The cassette 30 accommodates a plurality of workpieces 200. The cassette 30 accommodates a plurality of workpieces 200 at intervals in the Z-axis direction. The cassette 30 includes an opening 31 that allows the work piece 200 to be taken in and out freely. The cassette 30 is provided so as to be able to move up and down in the Z-axis direction by a cassette elevator (not shown).

The unloading unit 40 includes a unloading stage 41 for taking out one work piece 200 before processing from the cassette 30, and a pair of rails 42 for temporarily placing the work piece 200 taken out from the cassette 30. The package transfer unit 50 sucks and holds the workpiece 200 on the pair of rails 42, conveys the suction-held workpiece 200 to the holding table 10, and places it on the holding surface 11 of the holding table 10.

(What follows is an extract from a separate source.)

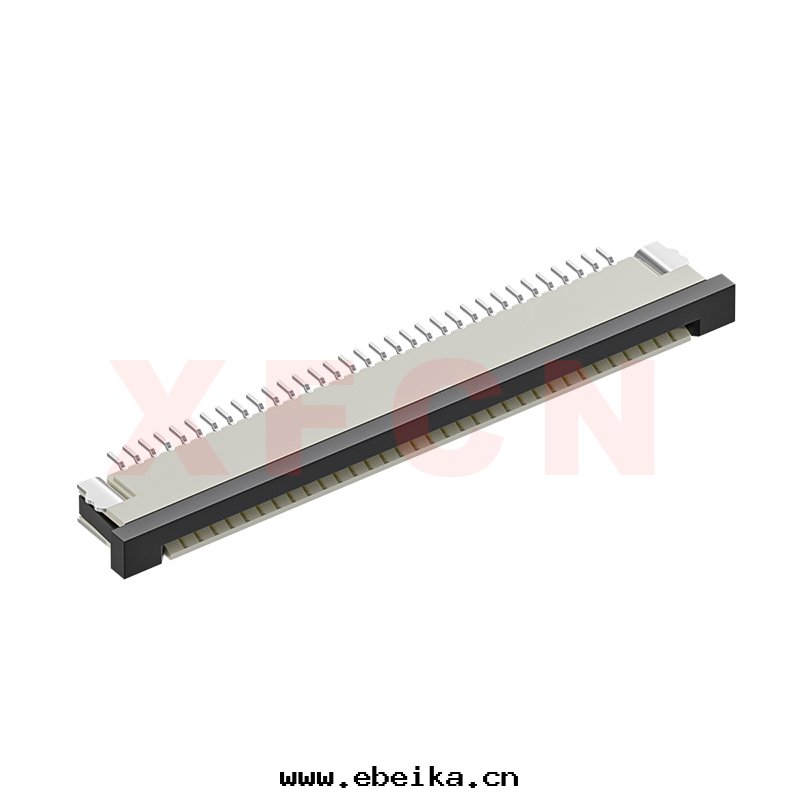 描述:FPC-1.0mm間(jiān)距,卧貼拉拔式上(shàng)接觸,33位(wèi),高(gāo)度(dù)2.5mm,
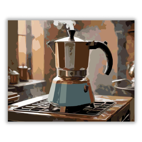 1 kép Számfestő.hu Gőzölgő Moka Kávéfőző Reggeli Fényben - számfestő készlet

The image pickup unit 60 outputs the image obtained by taking a picture to the control unit 100. In the first embodiment, the imaging unit 60 is attached to the package transport unit 50. The cleaning unit 70 is provided between the holding table 10 and the storage tray mounting portion 91. The drying unit 80 is provided between the cleaning unit 70 and the storage tray mounting portion 91.

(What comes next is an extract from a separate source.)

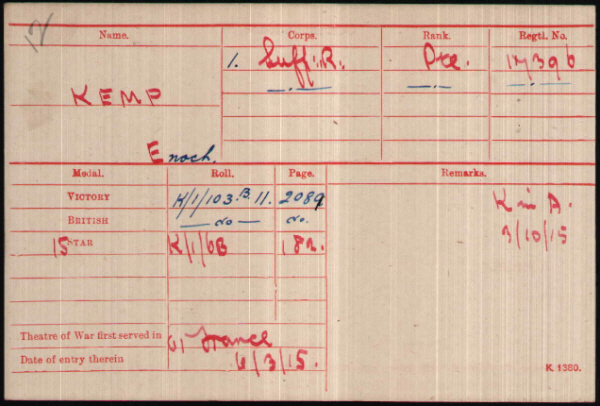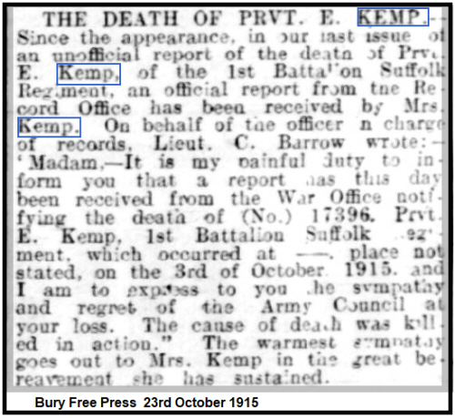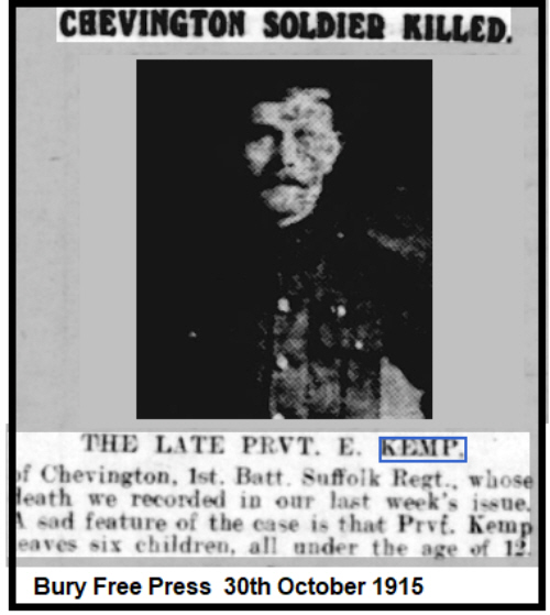 1881 census...Aged 1, he was at Ladies Green, Wickhambrook with his father William KEMP [33] labourer, born Dalham; his mother Hannah [32]; sisters Jessie [13], Ellen [11], Eliza [10] and Jane [3]; twin brothers William and Walter [9] and Joseph [6]. All except his father were born in Wickhambrook. His mother died in 1884 1891 census...Aged 11, a farm labourer, he was at Barber's Lane, Wickhambrook with his widower father (now recorded as born in Wickhambrook); sisters Ellen and Jane; twin brothers William and Walter, and Joseph. All the males were farm labourers. 1901 census...Aged 21, he was in the 1st Battalion, Suffolk Regiment in South Africa. His father (recorded born in Dalham) and sister Eliza were living near the Queens Inn, Wickhambrook. In 1903 he married Lily MISON from Ousden [29-7-1882] 1911 census...Aged 30, he was a farm labourer, at New House Farm Cottages, Wickhambrook with his wife Lily [28] born Ousden; sons Charles Herbert born Ousden and Enoch [8 months] born Wickhambrook; daughters Gladys Mabel[5] and Ruby May [3] both born in Wickhambrook. At some time after Enoch Junior's birth they moved to Chapel Yard, Chevington. On the pension card the children's births are recorded as Charlie Herbert MISON [8-10-1903], Gladys Mabel [20-1-1906], Ruth May [25-3-1908], Enoch [10-7-1910], Winifred Grace [25-6-1912] and Kathleen Lily [17-10-1914]. From this it can be seen that he was probably more likely to have been named on Wickhambrook memorial, but he is not. |

The storage tray mounting portion 91 mounts the storage tray 90 on the upper surface 92. The upper surface 92 of the storage tray mounting portion 91 is formed flat along the horizontal direction, and is formed larger than the planar shape of the workpiece 200 and the storage tray 90. The storage tray mounting unit 91 may be designed so that a plurality of storage trays 90 are stacked and stored, and the plurality of storage trays 90 can be pulled out from the front surface of the device. Further, in this case, the storage tray mounting portion 91 may further include a driving means for moving the storage tray mounting portion 91 up and down in order to mount the storage tray 90 below.

The storage tray 90 mounted on the upper surface 92 of the storage tray mounting portion 91 accommodates and conveys a plurality of device chips 204 formed by dividing the workpiece 200 along the planned division line 203. belongs to. As shown in FIG. 3, the storage tray 90 includes a tray main body 93 and a tack layer 94.

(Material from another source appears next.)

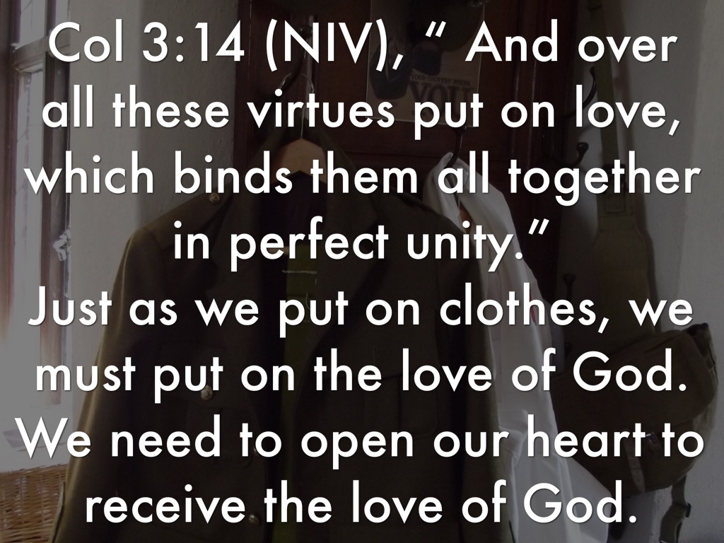 Col 3:14 (NIV), “ And over all these virtues put on love, which binds them all together in perfect unity.” Just as we put on clothes, we must put on the love of God. We need to open our heart to receive the love of God.

The tray body 93 is formed in a flat plate shape having a rectangular flat surface shape, and is formed by surrounding a device support portion 95 having a recess having a size capable of accommodating a workpiece 200 and an outer circumference of the device support portion 95. It includes a frame body 96.

The device support portion 95 is formed of a concave recess from the upper surface of the storage tray 90, and in the first embodiment, the device support portion 95 is formed in a rectangular shape larger than the planar shape of the workpiece 200. The device support 95 has a surface at the bottom that supports the plurality of device chips 204 via the tack layer 94. The surface is formed flat along the horizontal direction. The surface of the device support portion 95 is set so that all of the device chips 204 separated from the workpiece 200 can be accommodated at one time.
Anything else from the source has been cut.